It is not relevant to this thread, but seems good idea to implement indeed.
It should be simple matter of creating handler that uses dblink_res_error()
to report the notice.

Perhaps you could create and submit the patch by yourself?

For reference, here it the full flow in PL/Proxy:

1) PQsetNoticeReceiver:
https://github.com/markokr/plproxy-dev/blob/master/src/execute.c#L422
2) handle_notice:
https://github.com/markokr/plproxy-dev/blob/master/src/execute.c#L370
3) plproxy_remote_error:
https://github.com/markokr/plproxy-dev/blob/master/src/main.c#L82

--
marko

From:	Kyotaro HORIGUCHI <horiguchi(dot)kyotaro(at)oss(dot)ntt(dot)co(dot)jp>
To:	markokr(at)gmail(dot)com
Cc:	pgsql-hackers(at)postgresql(dot)org, greg(at)2ndQuadrant(dot)com
Subject:	Re: Speed dblink using alternate libpq tuple storage
Date:	2012-01-27 04:45:15
Message-ID:	20120127.134515.205871834.horiguchi.kyotaro@oss.ntt.co.jp
Views:	Raw Message \| Whole Thread \| Download mbox \| Resend email
Lists:	pgsql-hackers

Thank you for the comment,

> First, my priority is one-the-fly result processing,
> not the allocation optimizing.
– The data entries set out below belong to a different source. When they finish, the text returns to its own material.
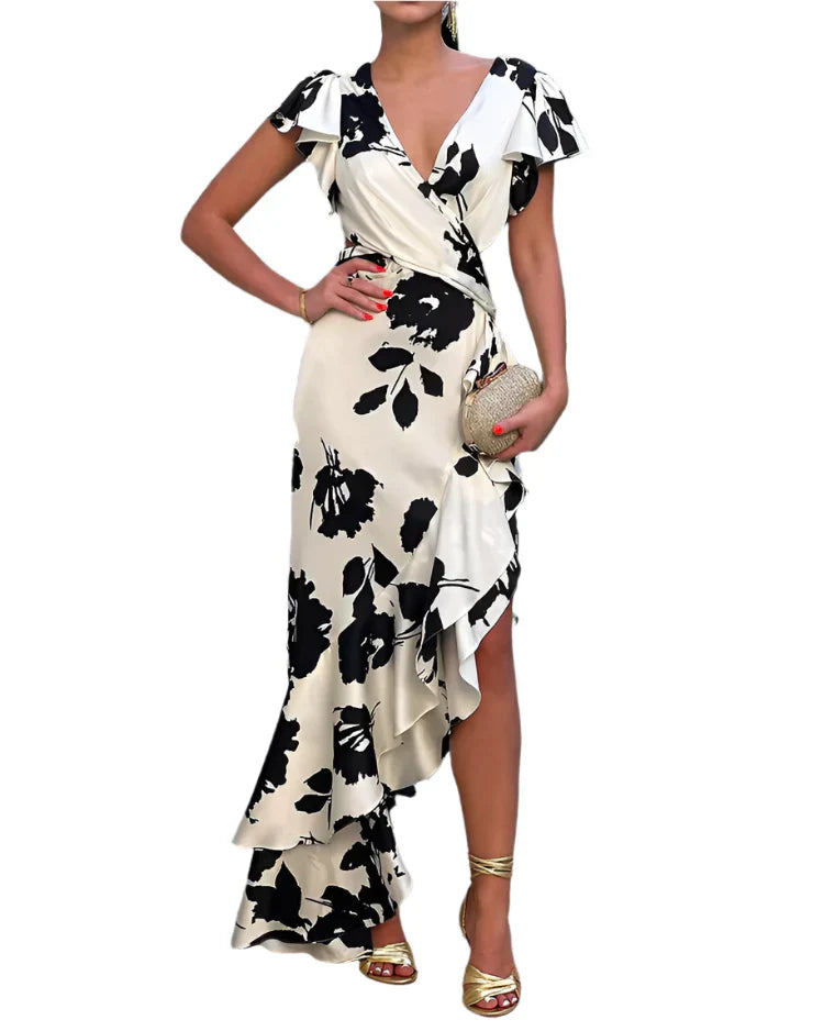 Ziehe die Blicke mit Marcy an - Druckkleid mit V-Ausschnitt und Rüschärmeln, ein feminines Statement-Kleid, das verspielte Muster mit elegantem Design kombiniert. Egal, ob du mit Freundinnen zum Mittagessen gehst oder einen entspannten Tag draußen verbringst, dieses Kleid bietet dir Komfort und Stil in einem.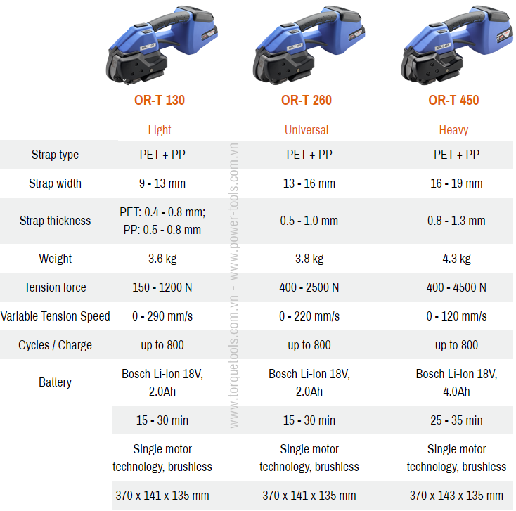 - Orgapack OR-T 260 sử dụng công nghệ động cơ đơn, không dùng chổi than. Với tốc độ rút dây đai 220 mm/s.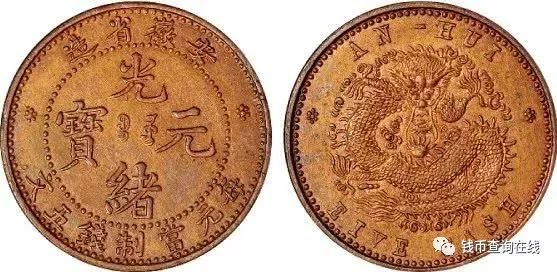 ⊙简介:1902年江苏省造光绪元宝二十文飞龙黄铜样币, 极美品。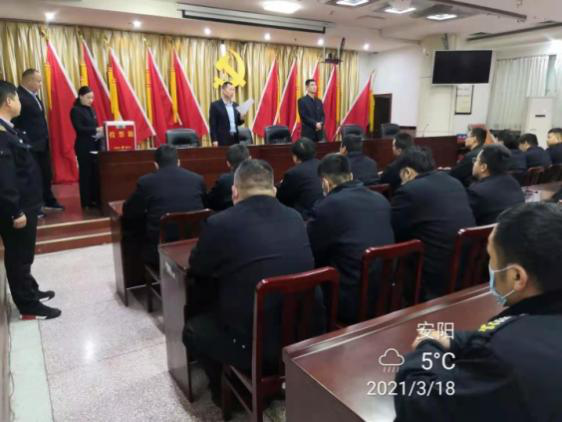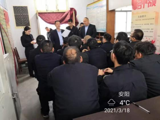 3月18日上午,公司考核組庫(kù)擁***、翟新杰、楊曉一行蒞臨守押七大隊(duì),開(kāi)展2020度中層干部考評(píng)工作。

And this patch seems to make
> it possible, I can process results row-by-row, without the
> need to buffer all of them in PQresult. Which is great!
>
> But the current API seems clumsy, I guess its because the
> patch grew from trying to replace the low-level allocator.

Exactly.

> I would like to propose better one-shot API with:
>
> void *(*RowStoreHandler)(PGresult *res, PGresAttValue *columns);
>
> where the PGresAttValue * is allocated once, inside PQresult.
> And the pointers inside point directly to network buffer.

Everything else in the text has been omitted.